Fewer Bindings, More Power: Rancher's RBAC Boost for Enhanced Performance and Scalability | SUSE Communities

Fewer Bindings, More Power: Rancher’s RBAC Boost for Enhanced Performance and Scalability

Share

Managing permissions in sprawling Kubernetes landscapes can often feel like untangling an ever-growing knot. As clusters and user bases expand, so does the intricate web of RoleBindings, impacting everything from UI responsiveness to the very stability of etcd. This complexity, if unaddressed, can become a significant hurdle to achieving scalability and maintaining optimal performance in Rancher.
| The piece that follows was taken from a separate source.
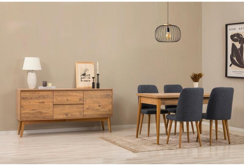 Alakítsa át étkezőjét egy stílusos és funkcionális térré az Extendable Dining Table, Chairs & Console Set szettel. Ez a 6 darabos szett úgy van tervezve, hogy emelje az étkezési élményt, és lenyűgözze vendégeit modern és elegáns dizájnjával. Elegáns dizájn az étkezőjéhezAz étkezőasztal sima Atlanti fenyő felülettel rendelkezik, míg a székek luxus sötétkék szövetbe vannak kárpitozva, ami kifinomult megjelenést kölcsönöz, amely fokozza bármilyen étkező dekorációt. A konzol eleganciát ad hozzá, és további tárolóhelyet biztosít az étkezéshez szükséges dolgoknak. Rugalmas és praktikusA kihúzható étkezőasztal lehetővé teszi, hogy könnyedén több vendéget fogadjon, amikor szükséges, így tökéletes családi összejövetelekhez vagy vacsora partikhoz. A székek ergonomikus kialakításúak a maximális kényelem érdekében, biztosítva a kellemes étkezési élményt minden alkalommal. Magas minőségű anyagokA 100%-ban melamin bevonatú forgácslapból készült étkezőszett tartós és hosszú élettartamú. A lap 18 mm-es vastagsága stabilitást és szilárdságot biztosít, így megbízható választás az étkező bútoraihoz. Műszaki részletek: Anyag: 100% Melamin bevonatú forgácslap Vastagság: 18 mm Étkezőasztal mérete: Szélesség: 130 cm, Magasság: 76 cm, Mélység: 80 cm (1 darab) Kihúzott asztal mérete: Szélesség: 165 cm, Magasság: 76 cm, Mélység: 80 cm Szék mérete: Szélesség: 44 cm, Magasság: 90 cm, Mélység: 46 cm (4 darab) Ülőmagasság: 40 cm, Ülőmélység: 43,5 cm Konzol: Szélesség: 170 cm, Magasság: 82,5 cm, Mélység: 45 cm (1 darab) Konzol láb magassága: 29 cm Szín: Atlanti fenyő és sötétkék Frissítse fel étkezőjét az Extendable Dining Table, Chairs & Console Set szettel, és hozzon létre egy teret, ahol emlékek születnek és osztoznak. Rendelje meg most, és tapasztalja meg a stílus és a funkcionalitás tökéletes egyensúlyát otthonában.

SUSE is committed to improving its container management platform. We want it to meet the needs of our current operations and grow with our growing goals.
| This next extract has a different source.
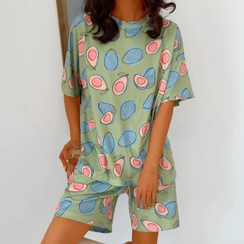 Пижамный комплект женский летний, Свободная Домашняя одежда в Корейском стиле, с милым принтом, милая Повседневная Мягкая женская одежда дл...

A significant, under-the-hood improvement has been developed to address these RBAC challenges—a smarter way to handle Role Based Access Control (RBAC) that directly boosts Rancher’s performance and scalability, especially when dealing with complex role inheritance. This technical deep-dive explores this recent advancement, detailing how Rancher is evolving to provide a more efficient and scalable experience.

The Challenge: When More Roles Mean More Headaches

Understanding RoleBinding Proliferation

In many large-scale Rancher deployments, RoleBindings can become one of the most numerous Kubernetes objects[1], and it comes at a cost. An internal review for this improvement highlighted a real-world customer scenario where RoleBindings constituted a staggering 27% of all Kubernetes resources, numbering in the tens of thousands. This sheer volume can approach the known limits of well-functioning etcd databases[2].

Rancher utilizes RoleTemplates to define reusable sets of permissions. A common and useful practice for organizing access is to create a custom role and inherit permissions from other RoleTemplates. This traditional approach involves Rancher creating a distinct RoleBinding for each inherited role. This multiplication occurred for each user or group, in each relevant scope, such as a project or cluster namespace. Rancher-specific RBAC concepts like Project Role Template Bindings (PRTBs) and Cluster Role Template Bindings (CRTBs) are the mechanisms that trigger the creation of these underlying Kubernetes RBAC resources.

The design of creating individual RoleBindings for each inherited role is logical for basic cases. However, as users increasingly leverage Rancher’s features like projects[3] and RoleTemplate inheritance for better organization and soft multi-tenancy, the number of underlying Kubernetes objects (RoleBindings) grows multiplicatively. This growth isn’t always immediately obvious to the end-user defining high-level permissions, but its effects become apparent as systems scale.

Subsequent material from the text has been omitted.